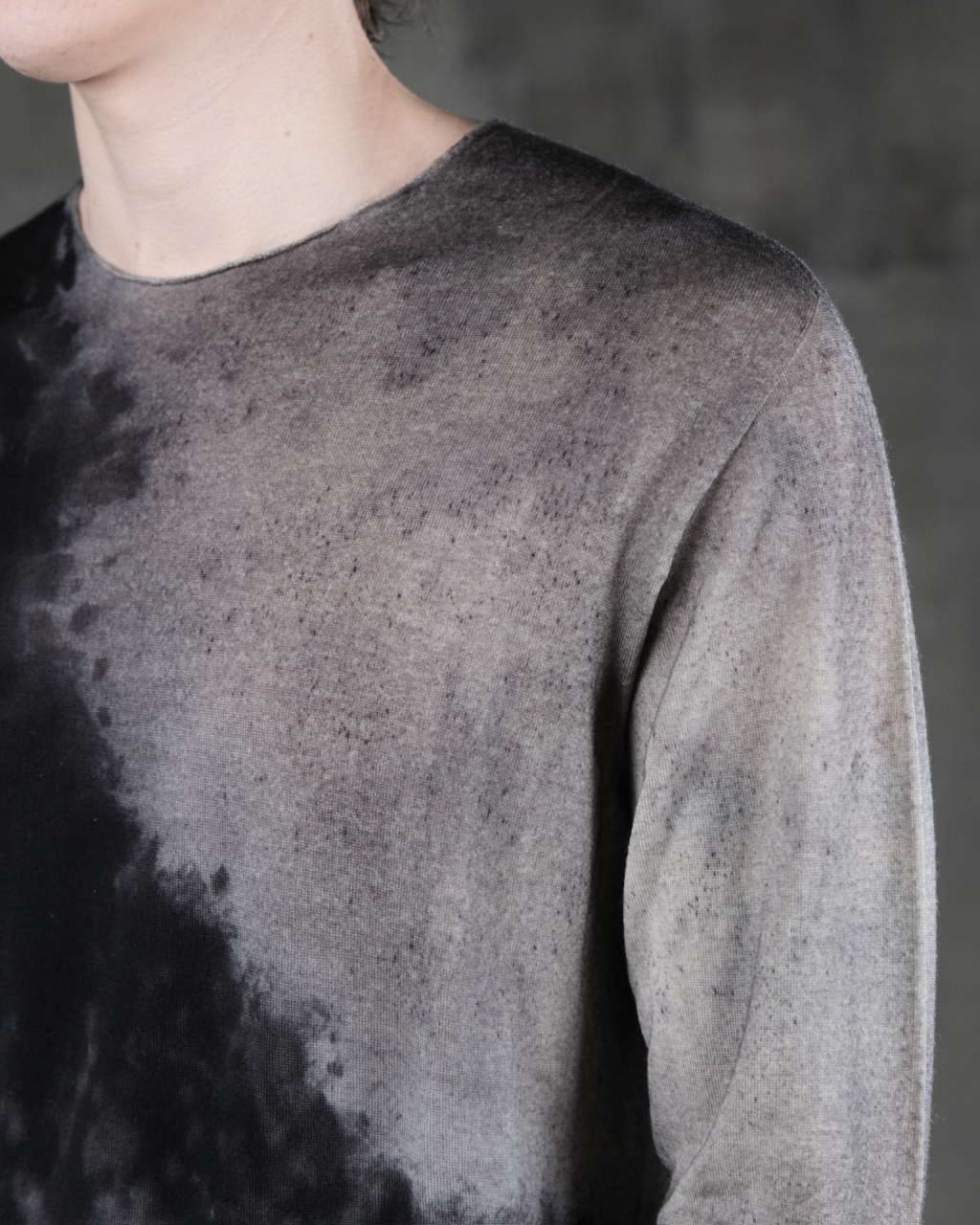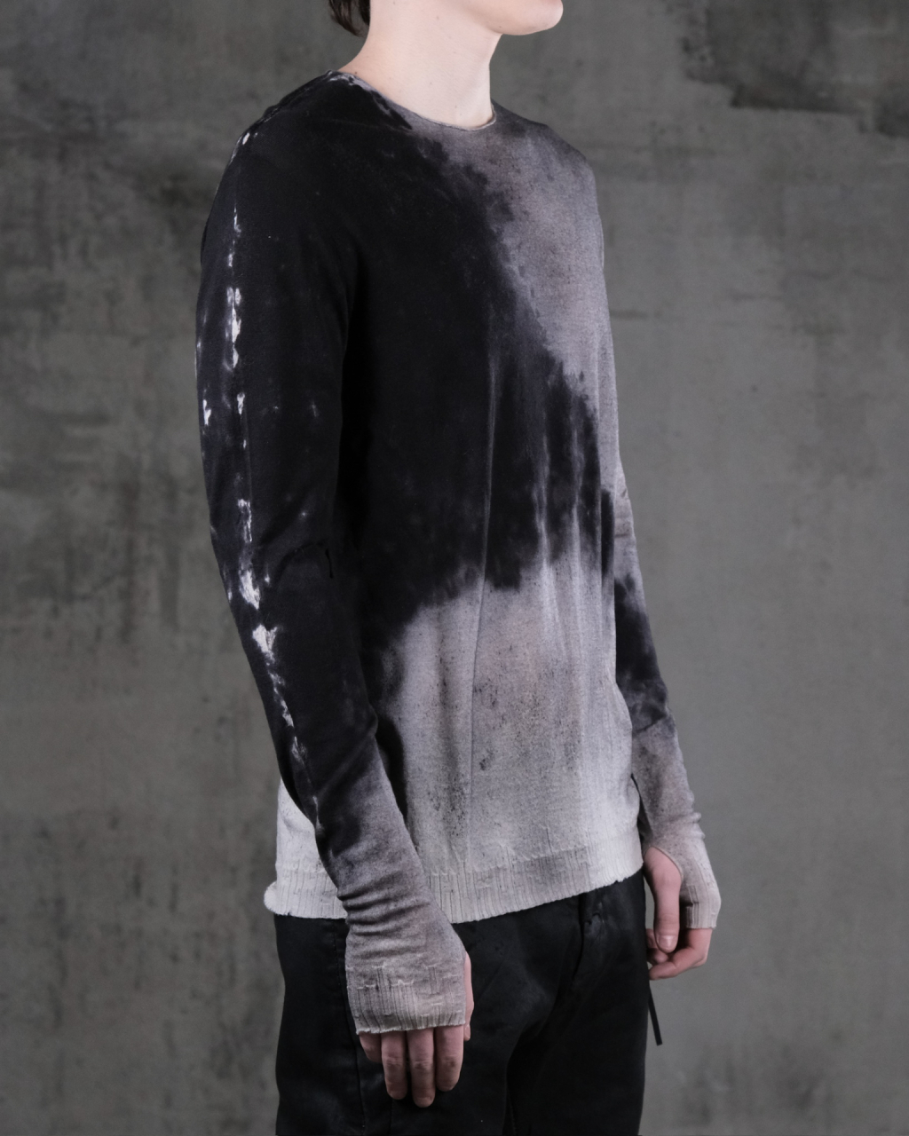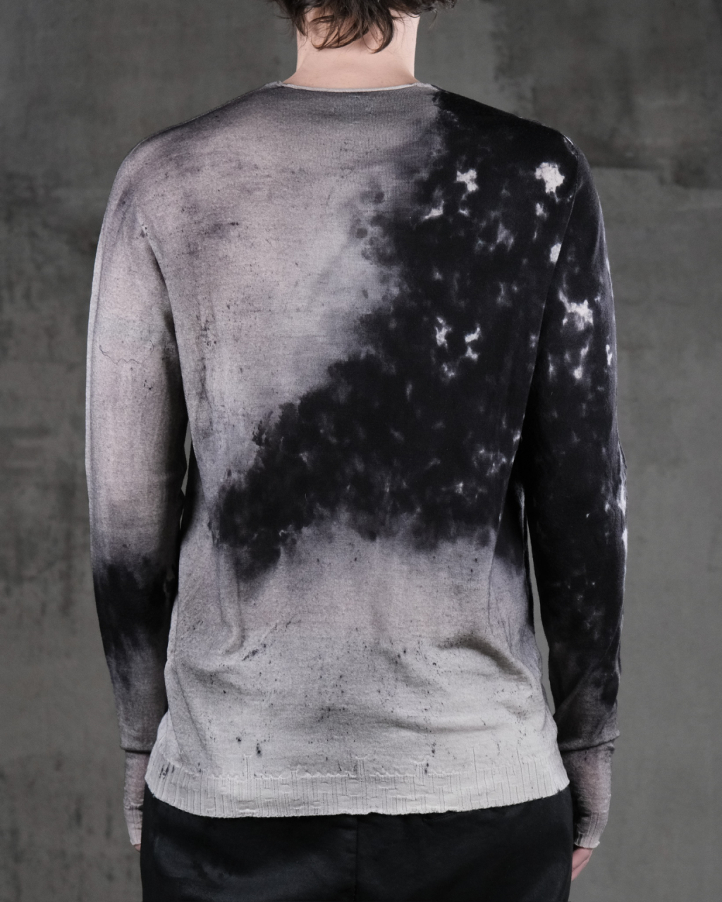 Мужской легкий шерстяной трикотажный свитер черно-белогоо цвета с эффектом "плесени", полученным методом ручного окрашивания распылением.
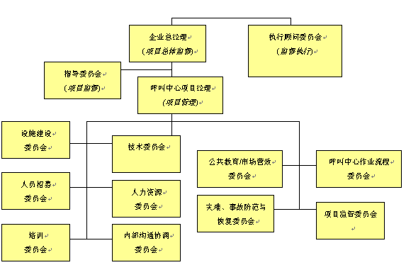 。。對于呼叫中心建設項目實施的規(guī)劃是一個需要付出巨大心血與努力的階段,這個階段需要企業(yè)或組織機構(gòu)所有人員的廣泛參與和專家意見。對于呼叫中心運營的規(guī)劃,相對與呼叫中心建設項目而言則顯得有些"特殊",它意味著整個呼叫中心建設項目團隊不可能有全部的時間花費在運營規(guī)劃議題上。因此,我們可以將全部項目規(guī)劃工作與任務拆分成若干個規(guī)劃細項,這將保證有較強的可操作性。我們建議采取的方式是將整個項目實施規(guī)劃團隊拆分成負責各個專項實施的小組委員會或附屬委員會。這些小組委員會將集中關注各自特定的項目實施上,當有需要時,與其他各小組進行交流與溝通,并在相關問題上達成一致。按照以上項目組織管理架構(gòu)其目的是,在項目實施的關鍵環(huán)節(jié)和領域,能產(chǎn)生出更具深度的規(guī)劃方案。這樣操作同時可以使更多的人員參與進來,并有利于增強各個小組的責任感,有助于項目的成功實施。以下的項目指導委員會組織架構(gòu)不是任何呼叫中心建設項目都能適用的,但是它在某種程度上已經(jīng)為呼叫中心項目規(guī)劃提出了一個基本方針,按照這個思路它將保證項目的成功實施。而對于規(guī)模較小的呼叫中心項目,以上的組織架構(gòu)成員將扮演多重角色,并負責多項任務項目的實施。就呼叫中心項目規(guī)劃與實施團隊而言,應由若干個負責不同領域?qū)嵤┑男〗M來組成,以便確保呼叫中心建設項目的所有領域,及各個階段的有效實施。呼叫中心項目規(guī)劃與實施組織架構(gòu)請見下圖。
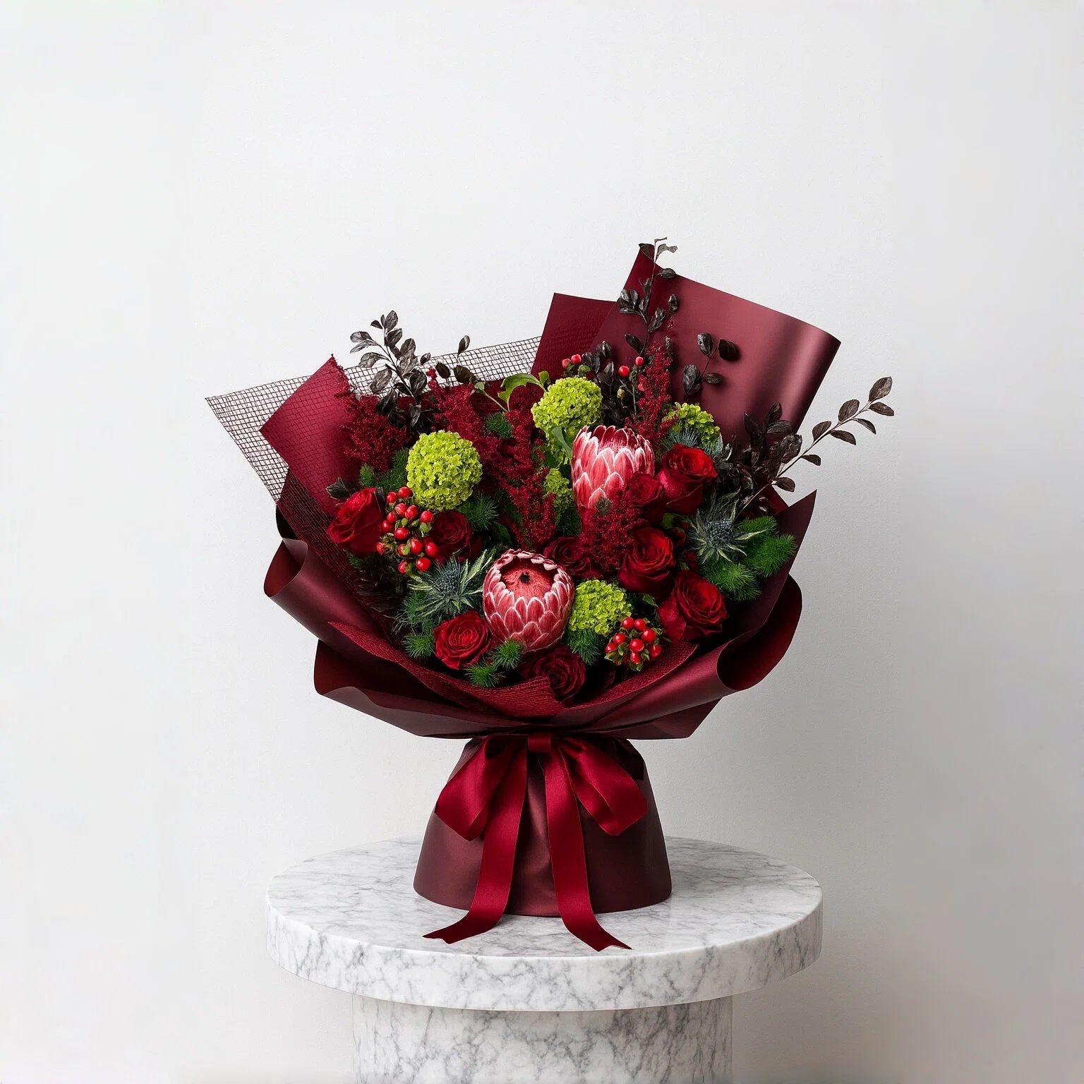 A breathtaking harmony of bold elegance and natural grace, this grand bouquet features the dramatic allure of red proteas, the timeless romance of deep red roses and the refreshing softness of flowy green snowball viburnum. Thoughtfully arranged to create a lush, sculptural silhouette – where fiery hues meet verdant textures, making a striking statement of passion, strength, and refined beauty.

What to work on:
Everything in the data above gets copied exactly. Only the pictures are skipped.

Exercise result:
 Мужской легкий шерстяной трикотажный свитер черно-белогоо цвета с эффектом "плесени", полученным методом ручного окрашивания распылением.
 。。對于呼叫中心建設項目實施的規(guī)劃是一個需要付出巨大心血與努力的階段,這個階段需要企業(yè)或組織機構(gòu)所有人員的廣泛參與和專家意見。對于呼叫中心運營的規(guī)劃,相對與呼叫中心建設項目而言則顯得有些"特殊",它意味著整個呼叫中心建設項目團隊不可能有全部的時間花費在運營規(guī)劃議題上。因此,我們可以將全部項目規(guī)劃工作與任務拆分成若干個規(guī)劃細項,這將保證有較強的可操作性。我們建議采取的方式是將整個項目實施規(guī)劃團隊拆分成負責各個專項實施的小組委員會或附屬委員會。這些小組委員會將集中關注各自特定的項目實施上,當有需要時,與其他各小組進行交流與溝通,并在相關問題上達成一致。按照以上項目組織管理架構(gòu)其目的是,在項目實施的關鍵環(huán)節(jié)和領域,能產(chǎn)生出更具深度的規(guī)劃方案。這樣操作同時可以使更多的人員參與進來,并有利于增強各個小組的責任感,有助于項目的成功實施。以下的項目指導委員會組織架構(gòu)不是任何呼叫中心建設項目都能適用的,但是它在某種程度上已經(jīng)為呼叫中心項目規(guī)劃提出了一個基本方針,按照這個思路它將保證項目的成功實施。而對于規(guī)模較小的呼叫中心項目,以上的組織架構(gòu)成員將扮演多重角色,并負責多項任務項目的實施。就呼叫中心項目規(guī)劃與實施團隊而言,應由若干個負責不同領域?qū)嵤┑男〗M來組成,以便確保呼叫中心建設項目的所有領域,及各個階段的有效實施。呼叫中心項目規(guī)劃與實施組織架構(gòu)請見下圖。
 A breathtaking harmony of bold elegance and natural grace, this grand bouquet features the dramatic allure of red proteas, the timeless romance of deep red roses and the refreshing softness of flowy green snowball viburnum. Thoughtfully arranged to create a lush, sculptural silhouette – where fiery hues meet verdant textures, making a striking statement of passion, strength, and refined beauty.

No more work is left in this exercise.